China will build a base for police in Tajikistan near the Afghan border, a Tajik official said Thursday, amid concerns from both countries about the Taliban’s ability to keep a lid on extremist groups.
The base points to deepening security cooperation between impoverished Tajikistan and China, which is reported to maintain another base in the southeast of the ex-Soviet country.
A parliamentary spokesman told AFP that Tajikistan’s lower house had approved the plan to build the base in the Ishkashim district of the mountainous Gorno-Badakhshan province.
“All construction is funded by the Chinese side. After construction, the base will be transferred to the Tajik (police),” the spokesman, who did not provide his name, told AFP by telephone.
He said China was providing $8.5 million (7.3 million euros) in assistance for the base.
Asked about reports of the base, China’s foreign ministry spokesman Wang Wenbin told reporters: “I am not aware of the situation you mentioned.”

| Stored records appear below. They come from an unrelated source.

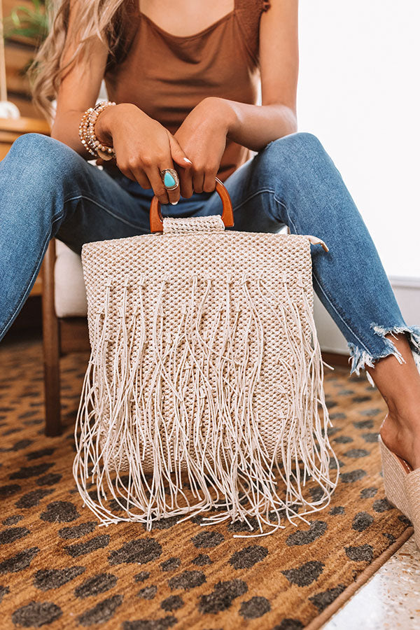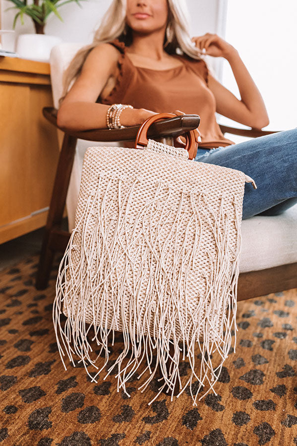 There is no better bag to wear when you are bound for the Amalfi coast than this adorable ivory colored tote featuring woven material, two rounded wooden handles, ultra long fringe accents, and a spacious square pouch with with a zip closure and an additional inside pocket!
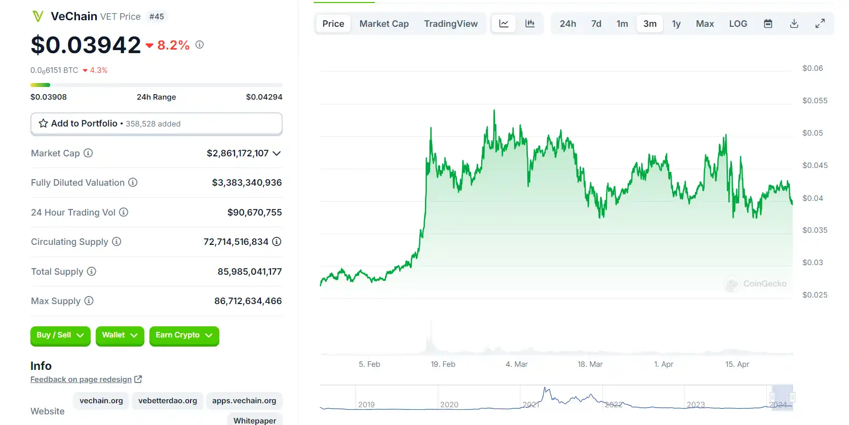 项目代币 VET 在今年年初有一次不错的涨幅,相较于该板块其他代币走势相对稳定。
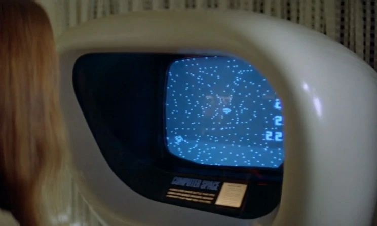 Note que com quase 40 anos entre o filme e os eventos, um arcade já foi colocado ali como representação de algo futurista. Pena que assistindo hoje não faz tanto sentido, já que se trata de uma máquina de Computer Space, o primeiro arcade comercial da história, lançado em 1971.
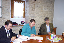 jueves, 25 de mayo de 2006El jefe de la Sección de Tráfico, Educación y Seguridad Vial de la Dirección General de Interior, Ángel Iturralde García, el representante de Fundación Mapfre Jesús Garrido Ostiategui y el alcalde de Etxauri, Luis Baquedano Ros, han firmado esta mañana un acuerdo por el que se le hace entrega a esta localidad de una marquesina para uso escolar.
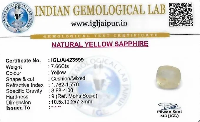 Yellow Sapphire (Pushparag) 11x10 MM 7.66 carats
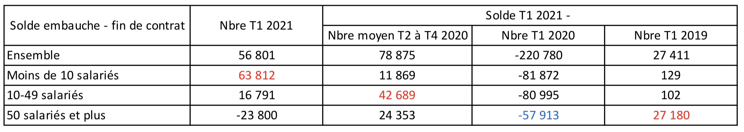 Le solde embauches-fins de contrat par tranche de taille montre que les plus petites tailles ont un solde positif plus important au 1er trimestre 202, alors que les 10-49 salariés ont un solde moins négatif quant aux trimestres 2, 3,4 de 2020. les 50 salariés et plus faisaient état d’un solde bien plus positif au 1er trimestre 2019.
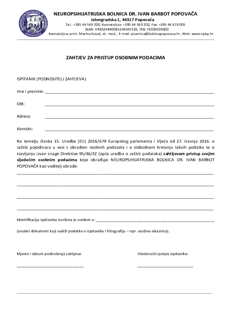 NEUROPSIHIJATRIJSKA BOLNICA DR. IVAN BARBOT POPOVAA Jelengradska 1, 44317 Popovaa Tel.: +385 44 569 200, Ravnateljica: +385 44 569 202, Fax: +385 44 679 005 IBAN: HR8324840081104545324, OIB: 76024026802
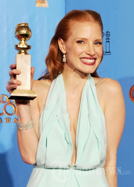 Aktris Jessica Chastain di The 70th Annual Golden Globe Awards yang dihelat di The Beverly Hilton Hotel, Beverly Hills, California, AS, Minggu (13/1/2013) malam waktu setempat. Di ajang bergengsi ini, ia terpilih sebagai aktris terbaik film drama untuk perannya dalam film 'Zero Dark Thirty'. Kevin Winter/Getty Images/AFP
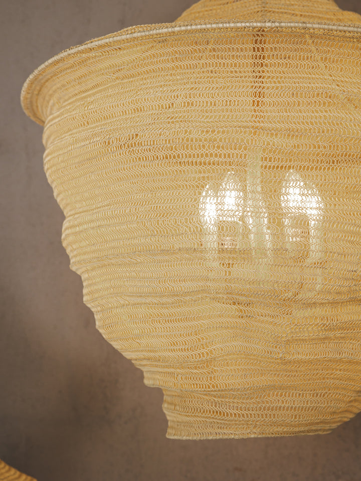 Visually captivating Vortex chandeliers will introduce a touch of industrial chic into a décor scheme. This statement pendant is made by hand and composed of intricate layers of iron mesh, forming an airy structure that diffuses light beautifully. The mesh has also been treated with a zinc powder coating to protect it against rust and chipping. Available in two sizes and two tones.
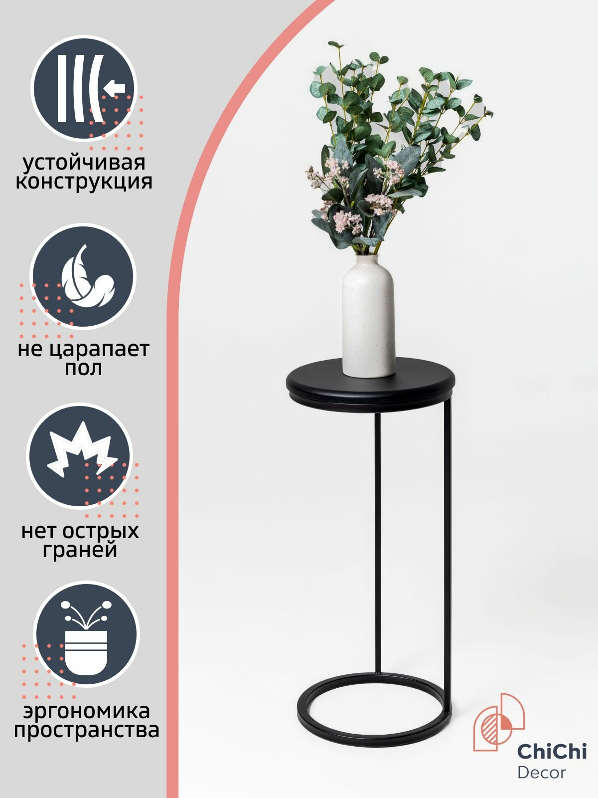 Приставной столик лофт интерьерный придиванный журнальный, EASY, черный, 57х26х26 см, ChiChi Decor интересное:
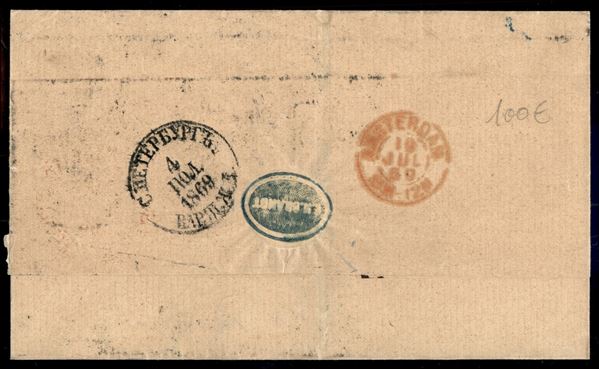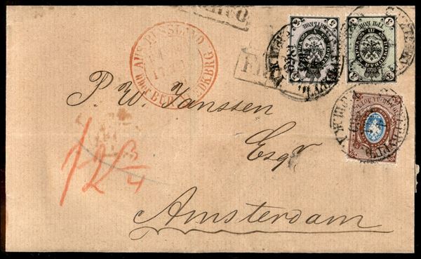 Affrancatura tricolore (19 + 20 + 21) su lettera per Amsterdam del 1869 - leggera piega sul 10 kopechi

China has looked to build friendly relations with the Taliban following their takeover of Afghanistan, but has called on the group to crack down on Muslim-minority Uyghur separatists looking to infiltrate its sensitive border region of Xinjiang.
While other Central Asian nations have established working ties with the new regime in Afghanistan, Tajikistan has railed against the hardliners and eschewed direct talks.
The republic’s authoritarian leader Emomali Rakhmon expressed alarm about what he called “terrorist groups” positioned at points along its more than 1,300-kilometer (810-mile) border with the country.
The groups Rakhmon referred to are believed to count former and current Tajik nationals among their members.
Tajikistan, a country of 9.5 million, has received financial assistance from both China and the United States to build and reinforce its border posts and hosts a major Russian military base.
China is also reported to maintain a joint military facility with Tajikistan in Gorno-Badakhshan, which borders Xinjiang.
Beijing has said nothing about the reported outpost, which the International Crisis Group said in 2018 pointed to China’s “growing security presence” in former Soviet Central Asia.